== Data block ==
*** Begin section ***
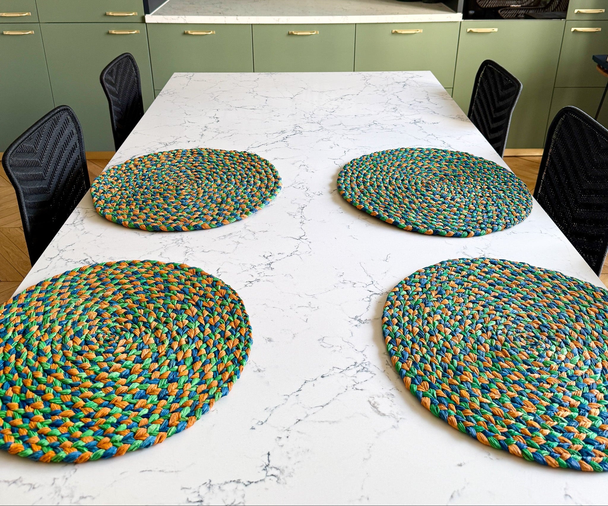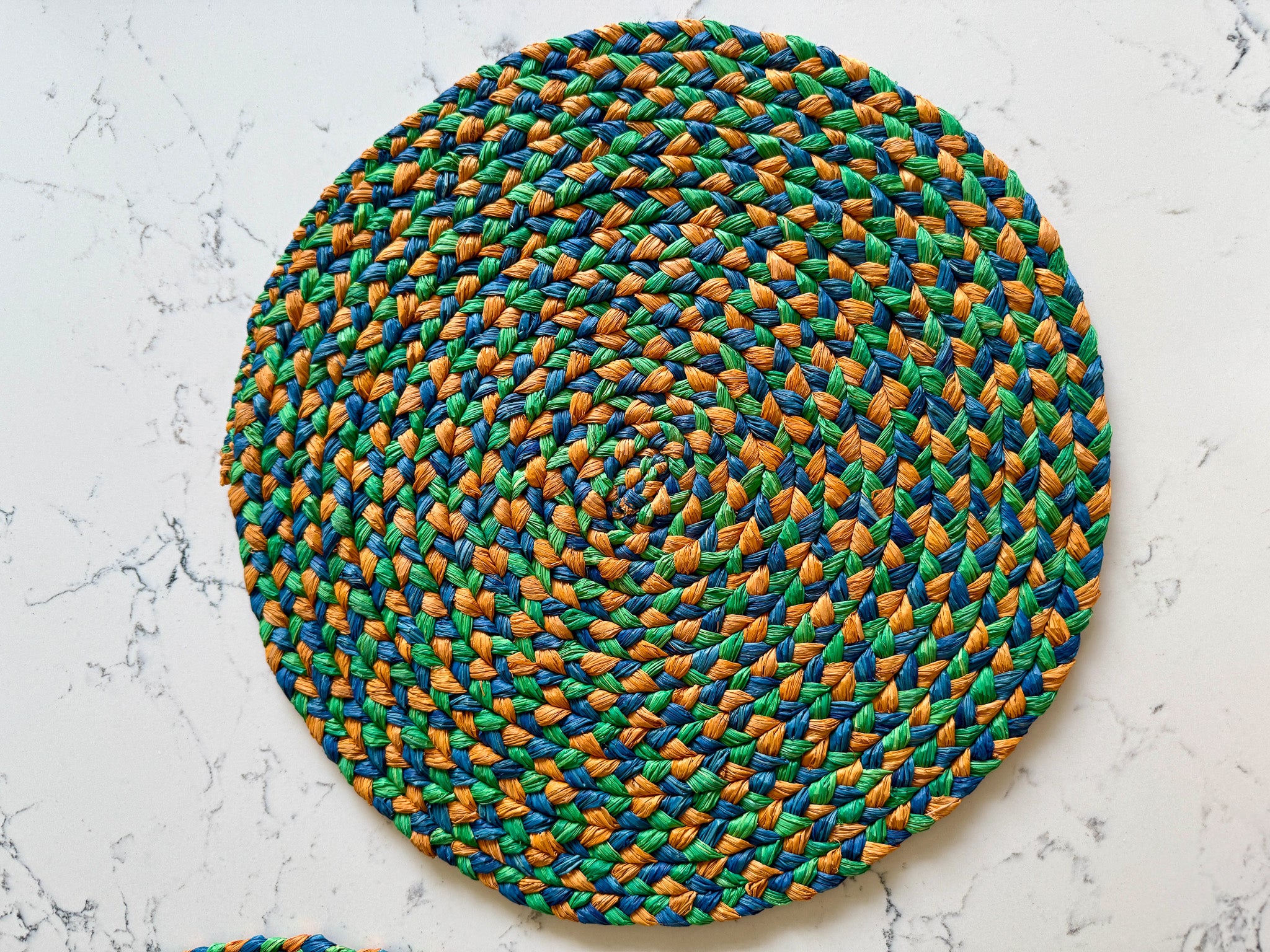 Set of 6 x round placemats in natural raffia with emerald green border - Elena
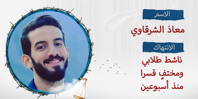 وفي سياق متصل طالب مركز الشهاب لحقوق الإنسان الكشف عن مكان احتجاز الناشط الطلابي السابق بجامعة طنطا ”معاذ الشرقاوي“ الذي تتواصل الجريمة ذاتها بحقه منذ نحو أسبوعين منذ اعتقاله من مقر إقامته في حي المقطم بالقاهرة في 11 مايو 2023.
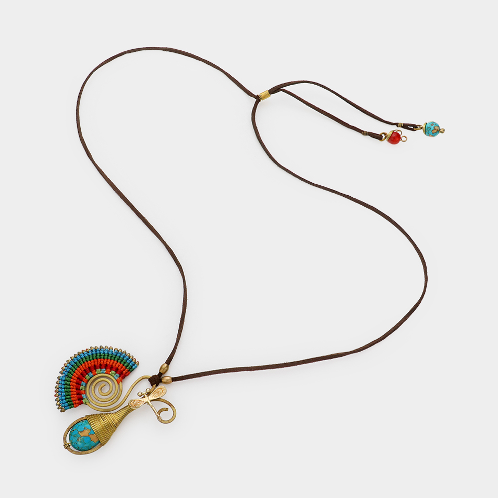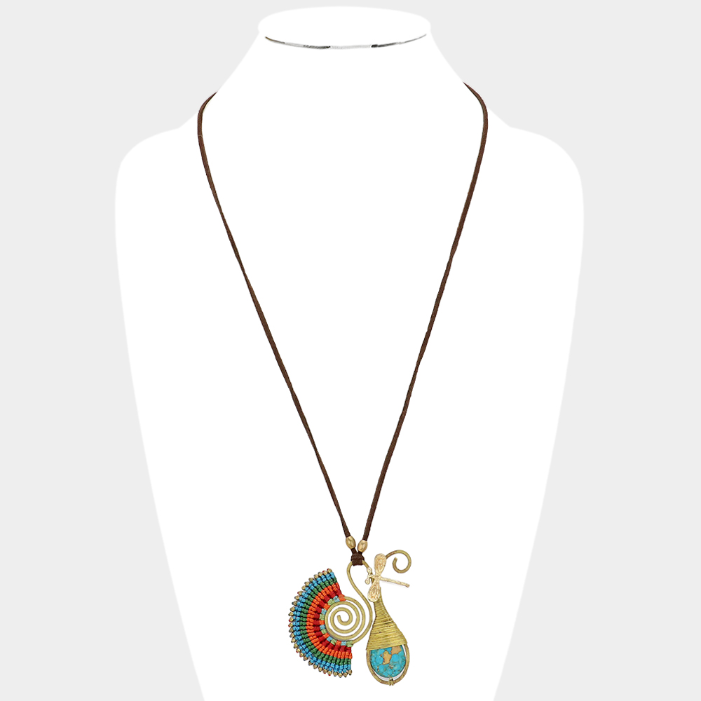 Thread Coiled Fan Swirl Metal Wire Drop Necklace
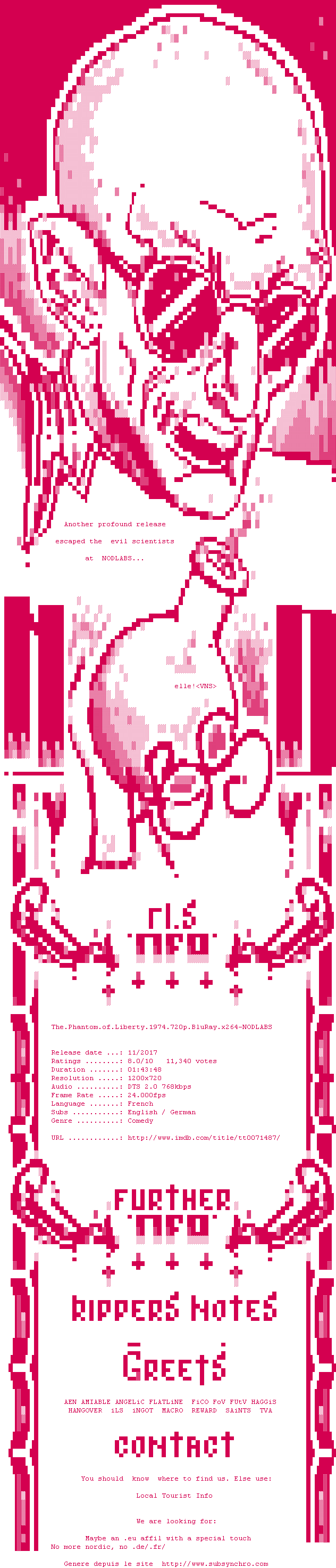 Voir le nfo de la release The.Phantom.Of.Liberty.1974.1080p.BluRay.x264-NODLABS
*** End section ***
== What you should do ==
Pictures do not belong in the copy. Repeat exactly each line from the one with "Thread Coiled Fan" through the end of the listing.

== Your response ==
 Thread Coiled Fan Swirl Metal Wire Drop Necklace
 Voir le nfo de la release The.Phantom.Of.Liberty.1974.1080p.BluRay.x264-NODLABS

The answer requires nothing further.